Strategic Accumulation Amid Market Volatility
Cathie Wood's Ark Invest utilized a significant market downturn on Tuesday to increase its position in Circle Internet Group, the issuer of the USDC stablecoin. The firm distributed the purchase of 161,513 shares across its ARKK, ARKW, and ARKF exchange-traded funds. Based on Tuesday's closing price of $101.17, the total acquisition cost was estimated at $16.34 million.
This aggressive "buy the dip" strategy comes as Ark Invest continues to rebalance its crypto-heavy portfolio. To maintain diversification, the firm limits individual holdings to roughly 10% of any single fund. Currently, Circle holds a prominent position in the flagship ARKK ETF, representing a 5.48% weighting. To fund its ongoing rebalancing, Ark also offloaded 41,064 shares of the crypto exchange Bullish, worth approximately $1.53 million, following a 5.51% decline in that stock.
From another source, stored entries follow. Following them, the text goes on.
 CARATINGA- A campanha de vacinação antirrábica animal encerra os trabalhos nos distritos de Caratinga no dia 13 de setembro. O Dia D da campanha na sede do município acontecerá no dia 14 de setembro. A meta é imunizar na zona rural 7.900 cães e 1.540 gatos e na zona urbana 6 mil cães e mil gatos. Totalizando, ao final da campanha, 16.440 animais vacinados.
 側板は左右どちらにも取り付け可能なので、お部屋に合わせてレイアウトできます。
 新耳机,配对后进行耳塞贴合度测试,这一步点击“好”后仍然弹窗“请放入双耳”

Regulatory Headwinds and Yield Concerns
The 20% intraday collapse of Circle's stock was largely attributed to emerging details regarding the U.S. Clarity Act. Draft language circulating in Washington suggests a potential ban on yield payments for simply holding stablecoins. Analysts at Mizuho noted that such a legislative shift could severely impact Circle's core USDC business model, which relies on generating revenue from the assets backing the stablecoin.
While the stock saw a minor after-hours recovery of 1.5%, its long-term performance remains mixed. The shares have gained 65% over the last month but are still down 23% over the past six months, reflecting the high-stakes regulatory environment facing stablecoin issuers in the United States.
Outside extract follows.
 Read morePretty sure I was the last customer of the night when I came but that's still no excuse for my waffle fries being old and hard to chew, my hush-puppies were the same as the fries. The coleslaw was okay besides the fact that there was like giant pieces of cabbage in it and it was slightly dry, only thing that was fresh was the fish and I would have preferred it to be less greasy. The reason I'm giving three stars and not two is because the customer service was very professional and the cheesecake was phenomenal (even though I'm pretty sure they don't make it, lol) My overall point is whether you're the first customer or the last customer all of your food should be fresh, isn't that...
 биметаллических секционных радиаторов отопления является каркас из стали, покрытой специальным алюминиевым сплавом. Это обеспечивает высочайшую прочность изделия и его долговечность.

Centralization Risks and Competitive Pressures
Adding to the negative sentiment, on-chain researcher ZachXBT reported on Tuesday that Circle had frozen 16 hot wallets associated with various businesses involved in a U.S. civil case. This action sparked renewed criticism from industry observers regarding the centralized nature of USDC, highlighting that the issuer can restrict access to funds at the request of government authorities.
Furthermore, Circle's primary competitor, Tether, announced it is proceeding with its first comprehensive financial audit conducted by a Big Four accounting firm. This development threatens Circle's historical marketing position as the more transparent and compliant alternative to Tether. As competition intensifies and oversight tightens, Ark's increased investment signals a long-term bet on Circle's ability to navigate these institutional and legislative hurdles.